Since the canola oil listed in the ingredients list of Prego Traditional Spaghetti Sauce isn’t organic there’s a good chance that it’s GMO. But that’s not the only problem with the canola oil in Prego – or the only potential source of toxins.
Traditional canola oil is processed using chemicals that are known to be toxic. And while some say that none of those chemicals remain in the final product not everyone agrees that canola is safe, and questions still remain.
Cold-pressed or express-pressed canola oil isn’t exposed to these chemicals during processing, but the canola oil in Prego isn’t labelled as being either.
In addition vegetable oils, like canola oil, are high in omega-6s, which promote inflammation.

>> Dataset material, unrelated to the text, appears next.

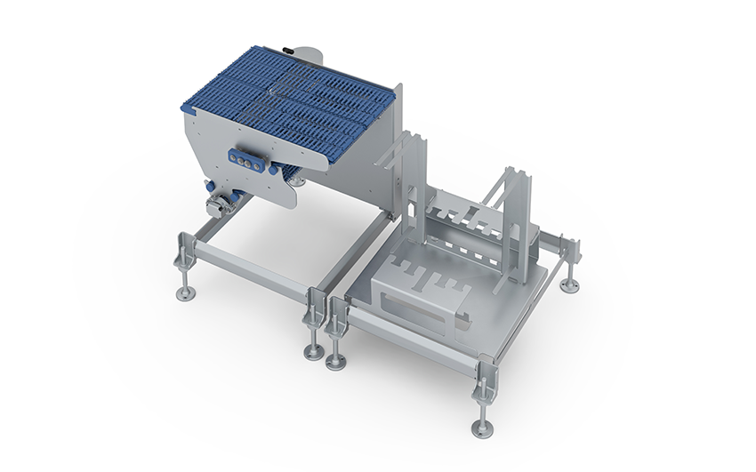 Freestanding reject mechanism; widths available to match X-ray conveyor, standard line heights from 700 mm (27.5”) to 1100 mm (43.3”)
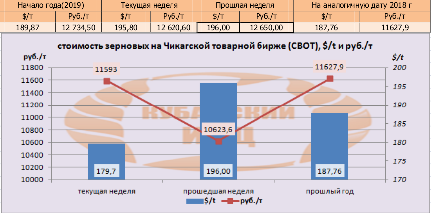 На момент написания статьи, на Чикагской товарной бирже (СВОТ) предлагают $195,00 за тонну пшеницы, или 12620,60 руб./т в перерасчёте на рубли, что больше как в валюте, так и в рублевом эквиваленте по сравнению с аналогичной датой прошлого года ($187,76 и 11627,9 руб./т). По сравнению с прошлой неделей, цены незначительно понизились в рублёвом и валютном выражении.

Eating too many omega-6s and not enough omega-3s is linked to all kinds of diseases from heart disease to type-2 diabetes.
Healthy spaghetti sauce alternatives
Spaghetti sauce, done the right way, is healthy…
- Lycopene-rich tomatoes can help fight off free-radicals and support prostate health.
- Allicin-filled garlic is an antioxidant that can reverse inflammation.
- Basil is heart healthy and vitamin-packed parsley supports healthy kidneys.
- And the polyphenols and essential fatty acids in olive oil support healthy blood pressure and a healthy cardiovascular system.
Why not skip out on the added sugars and questionable ingredients and make your own delicious spaghetti sauce at home> And don’t worry, it’s really NOT complicated and it doesn’t take a long time.
In fact, you can whip up a batch of simple sauce in about the same amount of time it takes to boil water and cook your pasta!
Below is a basic recipe to get you started, but feel free to build on this adding the fresh organic ingredients and flavorings your family enjoys.
|Healthier Homemade Spaghetti Sauce|
|You can whip up this delicious nutritious sauce in less than a half hour!
• Heat the oil in a large sauce pan. Sauté the garlic.
• Add all the other ingredients to the pot and bring to a boil.
• Once at a boil, cover and reduce heat. Simmer for 25-30 minutes.
• Serve over your favorite whole wheat pasta or spaghetti squash!
Be as healthy as you mean to be – leave the Prego on the store shelf and make it homemade.